:: SOURCE DATA ::

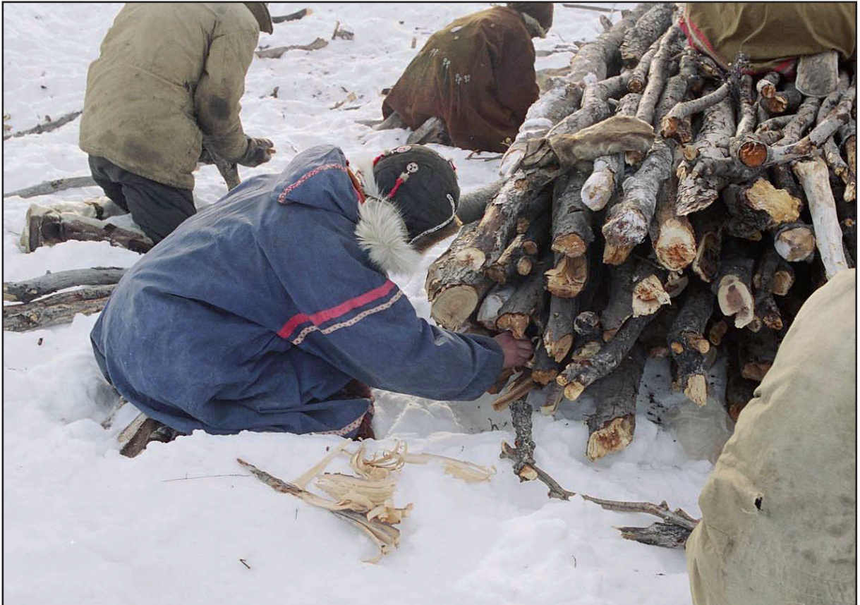
Figure 4 : Préparation et insertion des copeaux de bois pour aider à lancer la combustion.

autour pour s'assurer de la solidité de l'ensemble. Il a fallu environ une heure pour monter la construction. Une femme lui passe alors un branchette qu'il pose transversalement à la tête du bûcher.
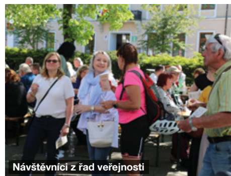
Návštěvníci z řad veřejnosti
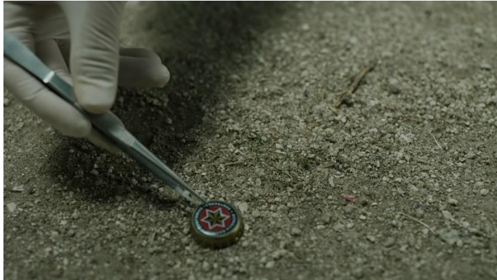
Imatge 9: Escena pista xapa (Temporada 2 La Casa De Papel)
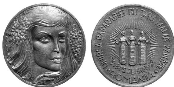
5. Medalia comemorativă 75 de ani de la Unirea Basarabiei cu Țara Mamă, România 1918-1993 .
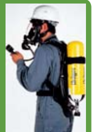
Εικ. 2 Μάσκα ολόκληρου προσώπου για προστασία της αναπνοής και παροχής οξυγόνου
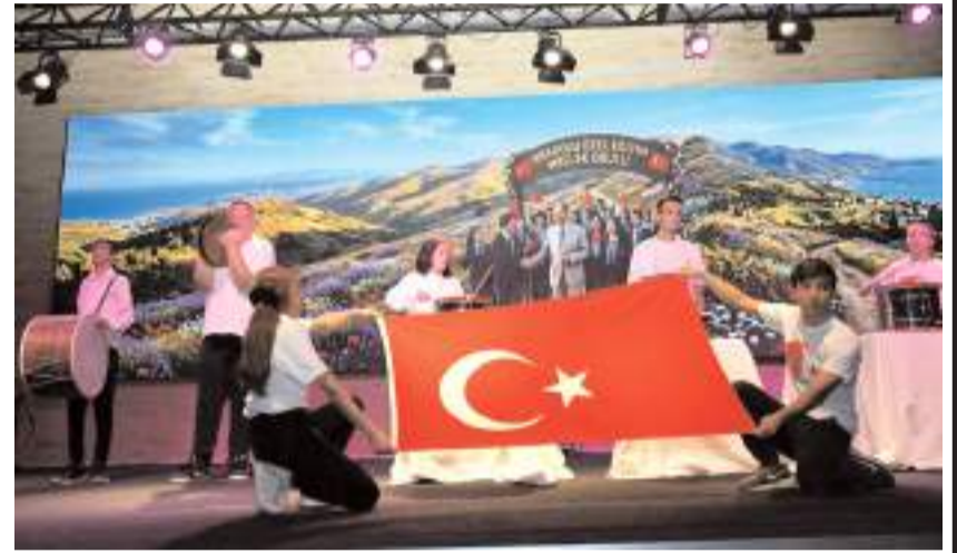
Program TSO Kültür Merkezinde yapıldı.

Kale Özel Eğitim Uygulama Okulu öğrencileri bayrak rontu ve ritim gösterileri sunarken, Zübeyde Hanım Özel Eğitim Uygulama Okulu öğrencilerinin sergilediği Kafkas halk oyunları ve vals gösterisi geceye renk kattı.
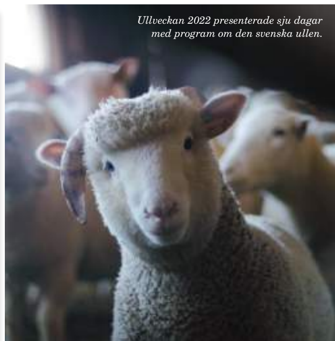
Ullveckan 2022 presenterade sju dagar med program om den svenska ullen.
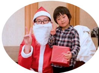
カメラ目線でピース
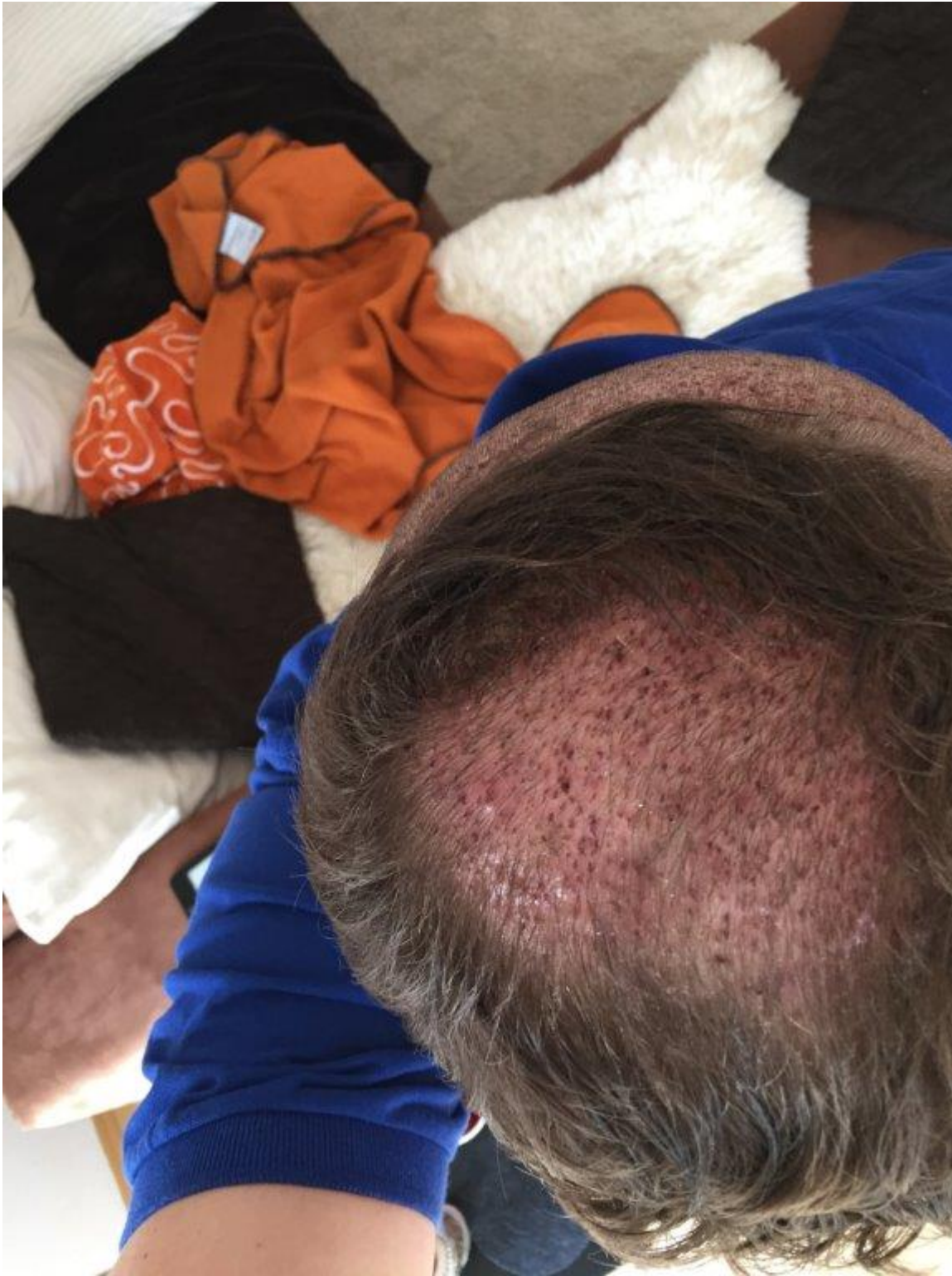
4) IMG_6067.JPG , downloaded 558 times
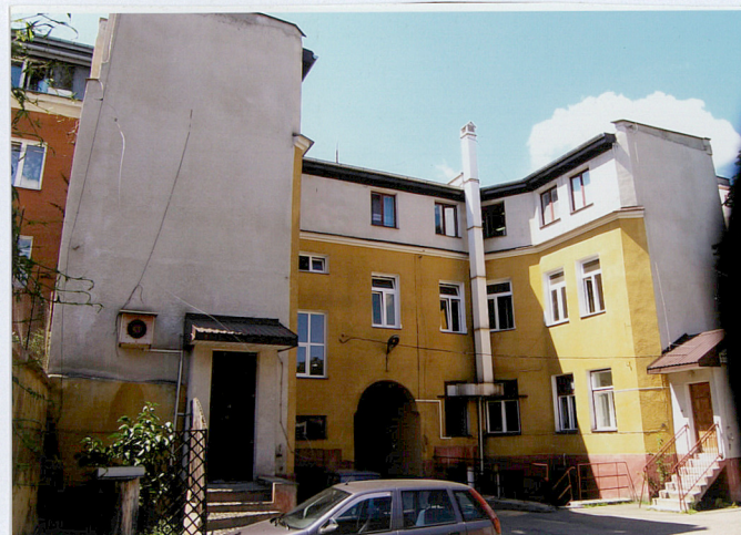
Fot. Widok od północy na elewację podwórzową

Wkładkę założył: Barbara Tomecka październik 2005r. (imię, nazwisko, data)
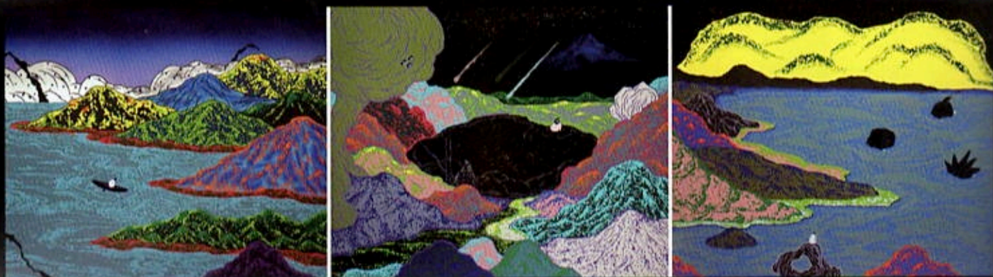
琢璞藝術中心 J.P. ART CENTER：張騰遠 《日遊夜遊》60.5x70x3cm，壓克力畫布，2018。

第四屆「ONE ART Taipei 2022 藝術台北」將於 2022 年 1 月 14 日至 16 日在台北西華飯店盛大展開。雖然經歷疫情動盪，參展畫廊數量仍再創高峰，匯集全台及海外 70 間展間，逾 55 家國內外畫廊參與響應，其中十餘家更分別是海外與首次參與的新興畫廊。本屆將沿襲三大主題展區「藝術無限 (Unlimited)」、「發現藝術 (Discovery)」以及「媒體藝術 (Media Art)」，最受矚目之兩大獎項「新賞獎 (ONE ART Award)」、「最佳空間呈現獎 (Best Interior Design Award)」。
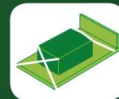
Bsp. Direktzurren/ Diagonalzurren
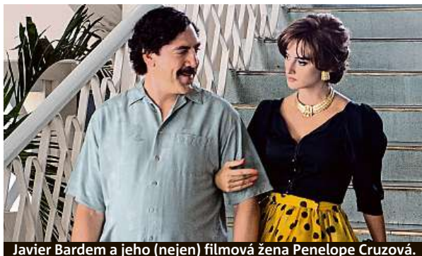
Javier Bardem a jeho (nejen) filmová žena Penelope Cruzová.

Je to úplně jiné než hrát psychopata. Například Anton Chigurh ze snímku Tahle země není pro starý je psychopat. Nezájímá se o jakékoliv emoce a to ho dělá děsivým, velmi děsivým a nebezpečným. Ale myslím, že člověk, který je empatický, miluje a zároveň dělá špatné věci, je ještě děsivější a mnohem nebezpečnější.

:::

Set down word for word the lines above from the one with "4) IMG_6067.JPG , downloaded 558 times" up to and including the one with "Javier Bardem a". Omit every picture.

TASK OUTPUT
4) IMG_6067.JPG , downloaded 558 times
Fot. Widok od północy na elewację podwórzową

Wkładkę założył: Barbara Tomecka październik 2005r. (imię, nazwisko, data)
琢璞藝術中心 J.P. ART CENTER：張騰遠 《日遊夜遊》60.5x70x3cm，壓克力畫布，2018。

第四屆「ONE ART Taipei 2022 藝術台北」將於 2022 年 1 月 14 日至 16 日在台北西華飯店盛大展開。雖然經歷疫情動盪，參展畫廊數量仍再創高峰，匯集全台及海外 70 間展間，逾 55 家國內外畫廊參與響應，其中十餘家更分別是海外與首次參與的新興畫廊。本屆將沿襲三大主題展區「藝術無限 (Unlimited)」、「發現藝術 (Discovery)」以及「媒體藝術 (Media Art)」，最受矚目之兩大獎項「新賞獎 (ONE ART Award)」、「最佳空間呈現獎 (Best Interior Design Award)」。
Bsp. Direktzurren/ Diagonalzurren
Javier Bardem a jeho (nejen) filmová žena Penelope Cruzová.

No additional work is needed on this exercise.